RECORD EXTRACTS:
• • • • •

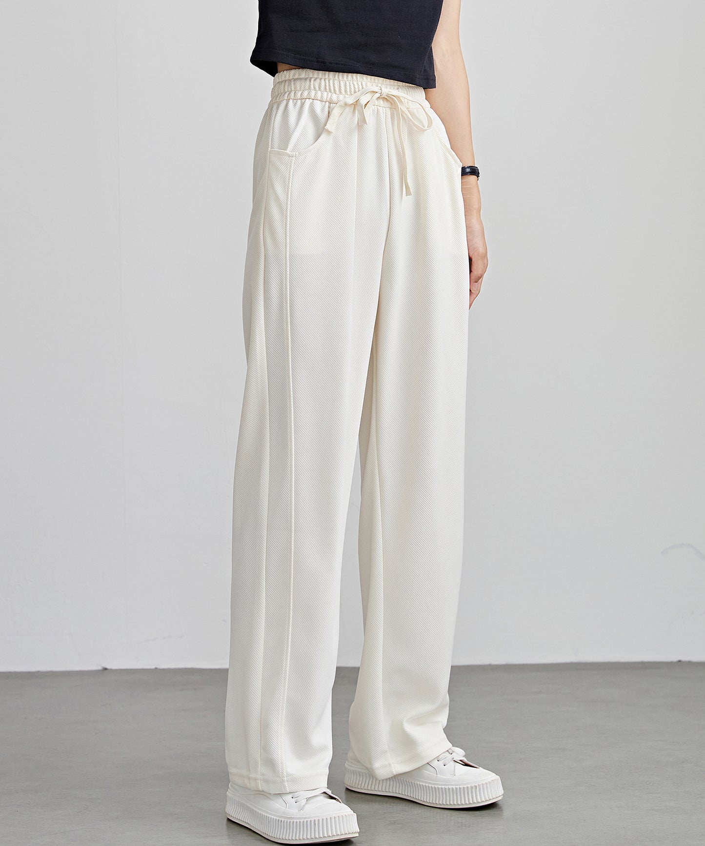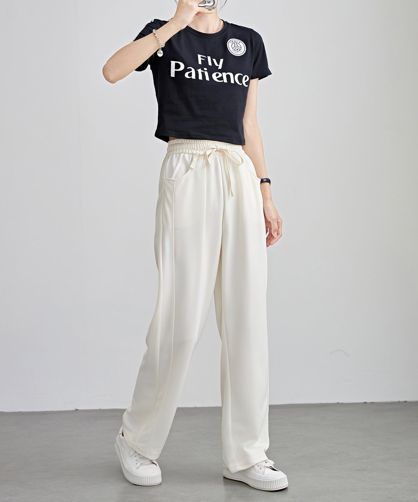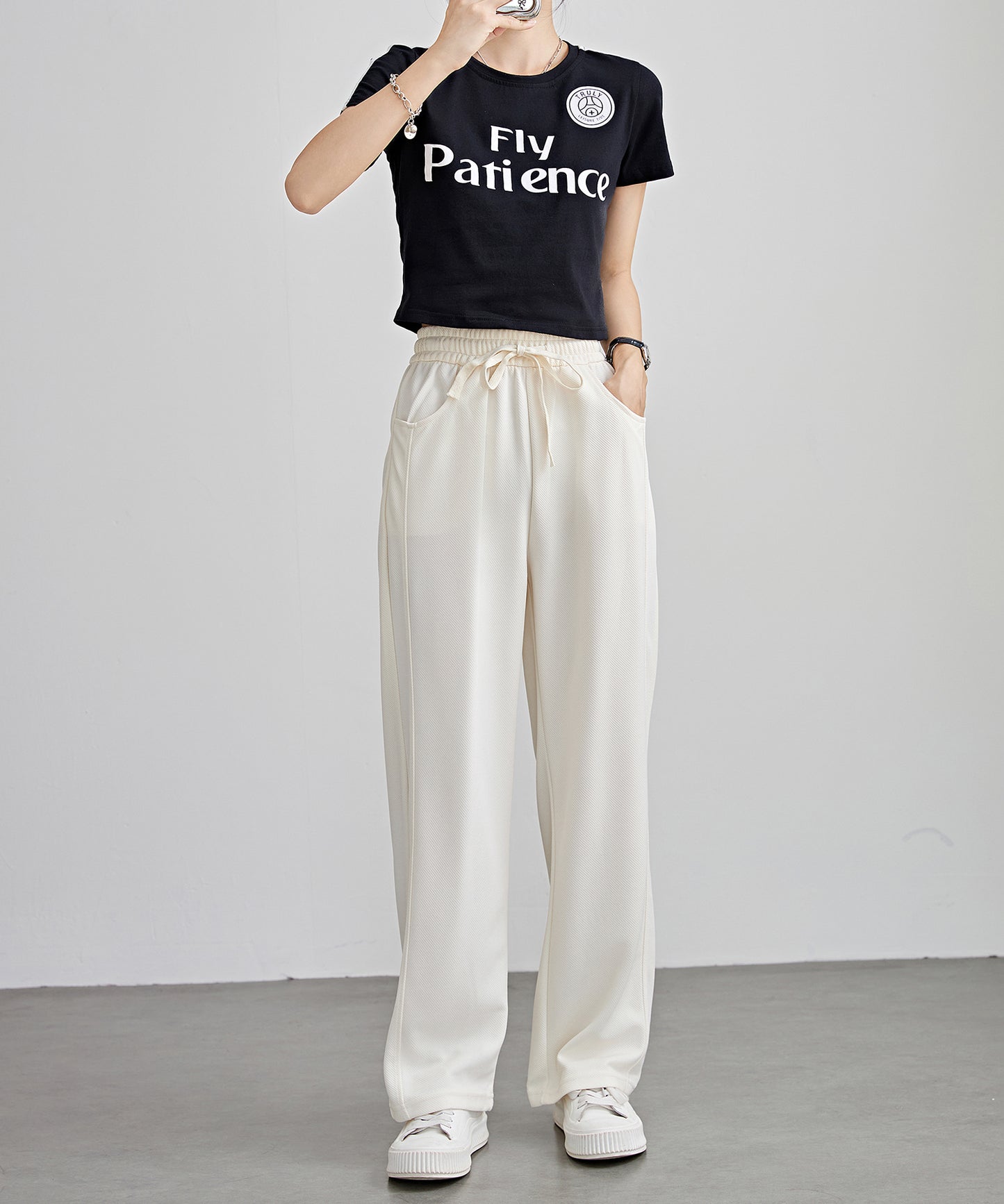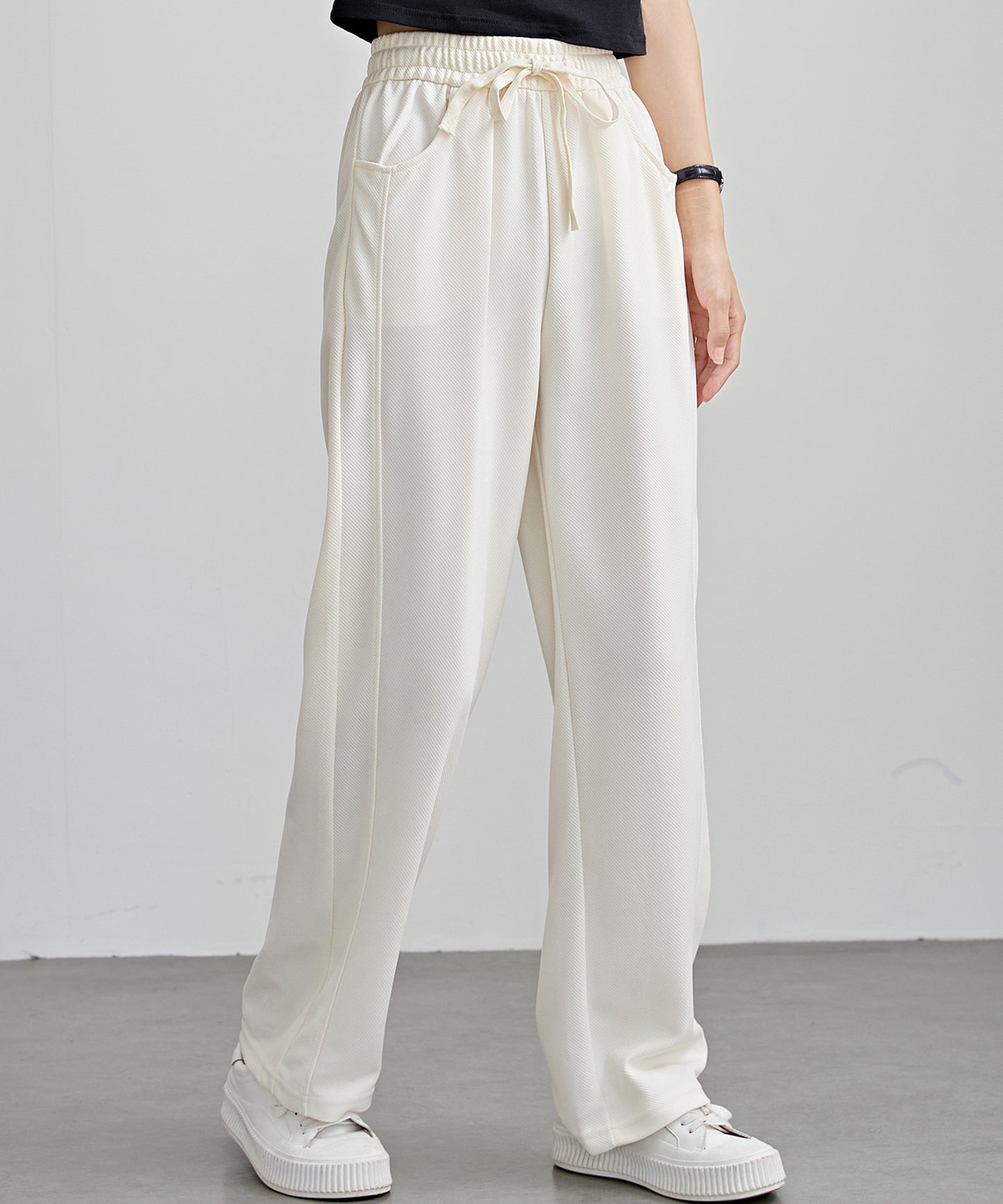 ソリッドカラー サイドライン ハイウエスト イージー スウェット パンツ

• • • • •

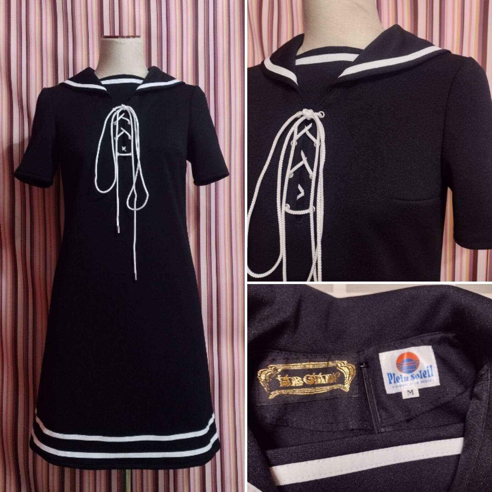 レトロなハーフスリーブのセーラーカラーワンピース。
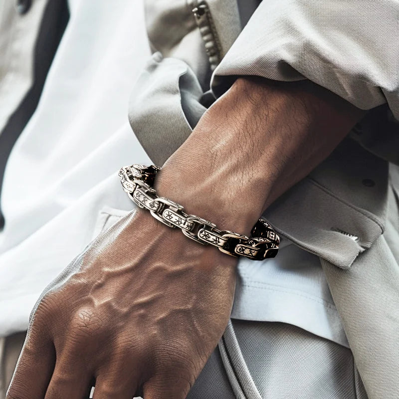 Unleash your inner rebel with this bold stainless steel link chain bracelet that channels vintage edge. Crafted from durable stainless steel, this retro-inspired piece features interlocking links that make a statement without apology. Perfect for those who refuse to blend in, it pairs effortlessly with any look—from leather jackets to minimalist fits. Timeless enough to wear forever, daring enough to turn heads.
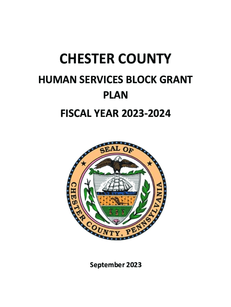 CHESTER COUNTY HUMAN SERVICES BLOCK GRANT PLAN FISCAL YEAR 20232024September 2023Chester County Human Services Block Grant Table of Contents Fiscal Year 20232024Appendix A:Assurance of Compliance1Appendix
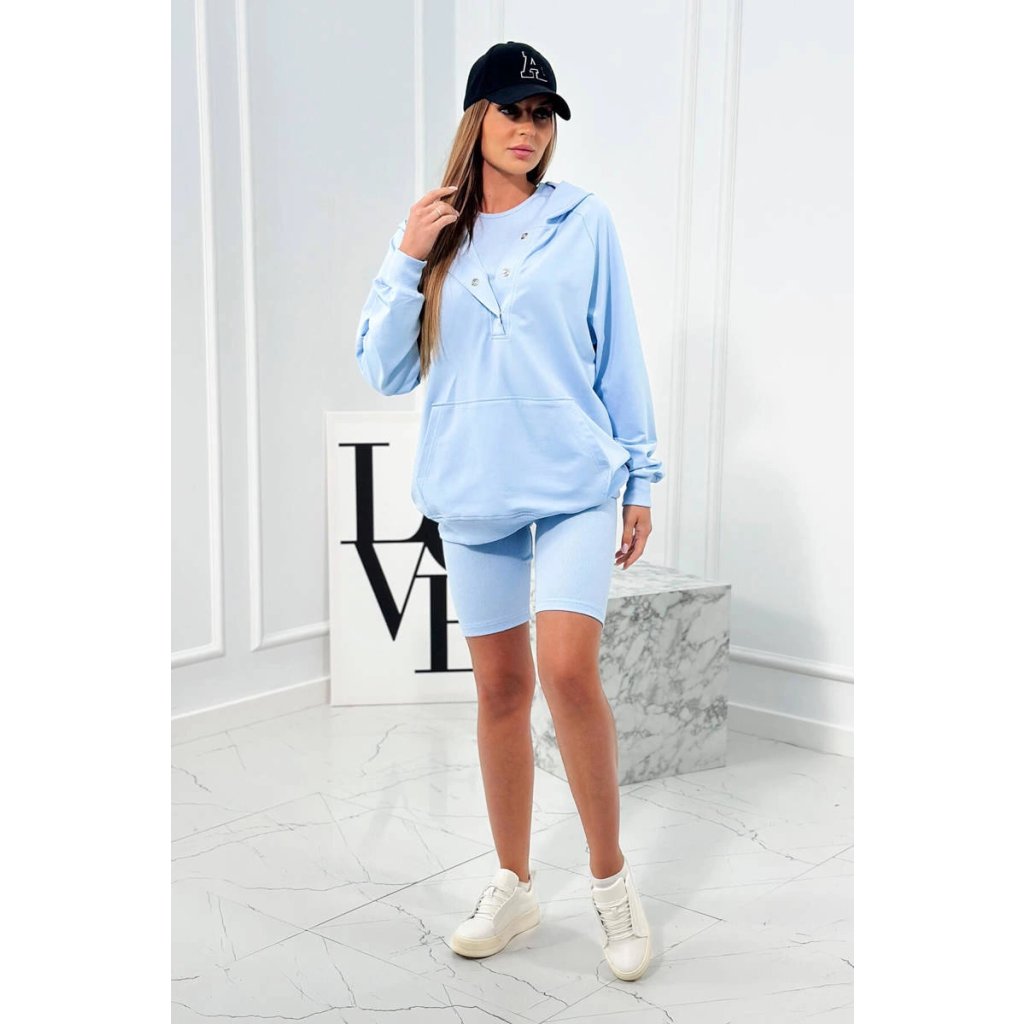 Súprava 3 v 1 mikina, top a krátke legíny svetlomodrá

• • • • •

TASK TO CARRY OUT:
Please transcribe exactly the part of the records that opens with the line containing "Unleash your inner" and closes with the line containing "Súprava 3 v", both ends included, and leave out the pictures.

TASK ANSWER:
 Unleash your inner rebel with this bold stainless steel link chain bracelet that channels vintage edge. Crafted from durable stainless steel, this retro-inspired piece features interlocking links that make a statement without apology. Perfect for those who refuse to blend in, it pairs effortlessly with any look—from leather jackets to minimalist fits. Timeless enough to wear forever, daring enough to turn heads.
 CHESTER COUNTY HUMAN SERVICES BLOCK GRANT PLAN FISCAL YEAR 20232024September 2023Chester County Human Services Block Grant Table of Contents Fiscal Year 20232024Appendix A:Assurance of Compliance1Appendix
 Súprava 3 v 1 mikina, top a krátke legíny svetlomodrá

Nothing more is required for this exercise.